I'm a scientist. A proper, real life scientist. I'm doing a PhD, and I perform crazy, cutting edge experiments with polymers. Psychologists, it has to be said, do have a certain scientific bent to their occupation, so I'm not angry about them calling themselves scientists. Nor, indeed, am I upset that they seem to come up with random crap about wanting to shag your mum (cliche time, I know, but this is a rant, so I've left my principles at home). What bothers me about psychologists is their smugness. Pure, unadulterated smugness. Take, for instance, their favourite phrase - "you're exactly how I expected you to be". This refers to the amazing ability of psychologists to predict every single trait of your character from the first few moments of meeting you. I'm sure it must be real, because every single psychologist I've ever met tells me the same thing. And yet, and this is the crux of the argument, not ONE, not a single person who has ever told me this, has been able to corroborate this with a prediction in a sealed envelope, or anything of the sort. Now, I don't want it to seem to you, dear reader, that I am in any way doubting the average psychologist's ability to predict my character from the jumper I'm wearing and the way one eyebrow is invariably cocked, but it isn't exactly rigorously scientific to suggest, without corroborating evidence, that the character traits I've just displayed were all too predictable.
Oh, and another thing, they're a bunch of dog electrocuters and mouse confusers...

Thursday, September 16, 2004

Oh blog blog blog...
Haven't been here for a while, have I?
No worries, back now, albeit briefly. So, why? Mostly, it seems, because I have far better things to be doing, but don't particularly want to do any of them. There's also the issue of a small warning I must ask you all to heed - when placing an order at Amazon, don't think that just because they've taken your order, they'll actually be able to get what you want. I know the camera was being replaced, but if you can't get the thing, don't take the order, ok Amazon?

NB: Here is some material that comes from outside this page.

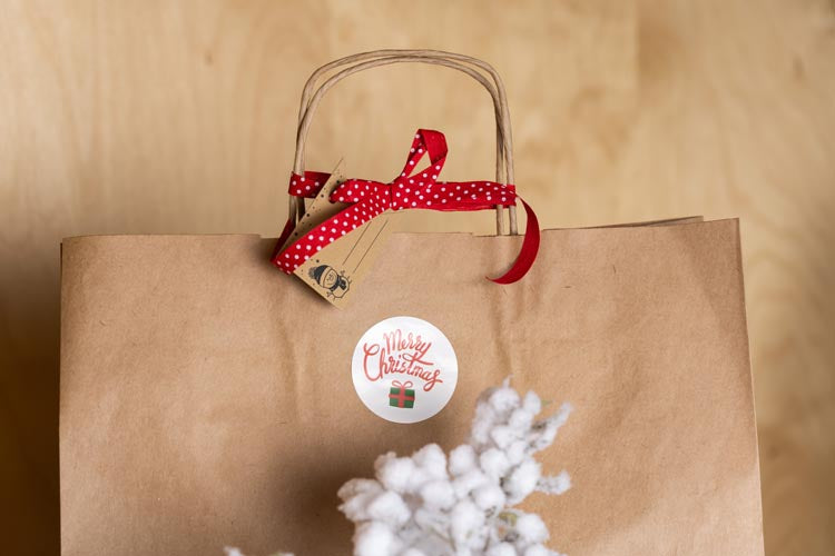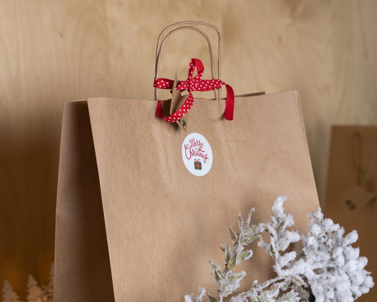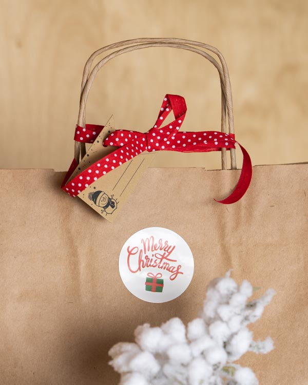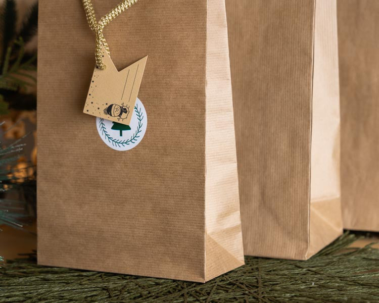 Etichete drăguțe: Etichetele sunt mici cartonașe cu un loc pentru a scrie numele, dedicații sau urări pentru persoana care primește cadoul. Acestea au, de asemenea, un model de Crăciun și o culoare rustică, potrivindu-se perfect cu întregul set. Etichetele adaugă un accent personal și cald cadourilor tale.

Caused me more than a little anguish, that particular trick. No worries, though, getting a better and more expensive camera from lovely Dabs, even if they're not going to send it for about 4 years. Ok, more like 4 weeks. Hope they don't turn around and let me down too... Amazon, it has to be said, have managed to regain a very little bit of the respect I had for them by dropping the price of a book I have on pre-order, but it's not enough. It NOT ENOUGH, y'hear? Good. Glad we could sort that out.
Listening to Enema of the State by Blink182 for the first time in a long time. Just remembered I have all sorts of things that need to be done today, and I haven't done any of them. Oh well, there's always tomorrow. It's getting dark outside. Or at least it feels like it's getting dark. Shouldn't be sunset for another three hours or so, but I can feel the night coming, creeping up on me, darkness unfolding to envelop me. Run!

Tuesday, July 27, 2004

By the way...
That graphic novel I ordered (May 19th) never turned up. Must find out what happened to that...
Let's all say a big "hello!!" to Julian and his blog
My friend Julian, fellow PhD student, had never heard of blogging. I set him straight, and now he's joined the massed ranks of the blogging public. All hail the new blood, etc.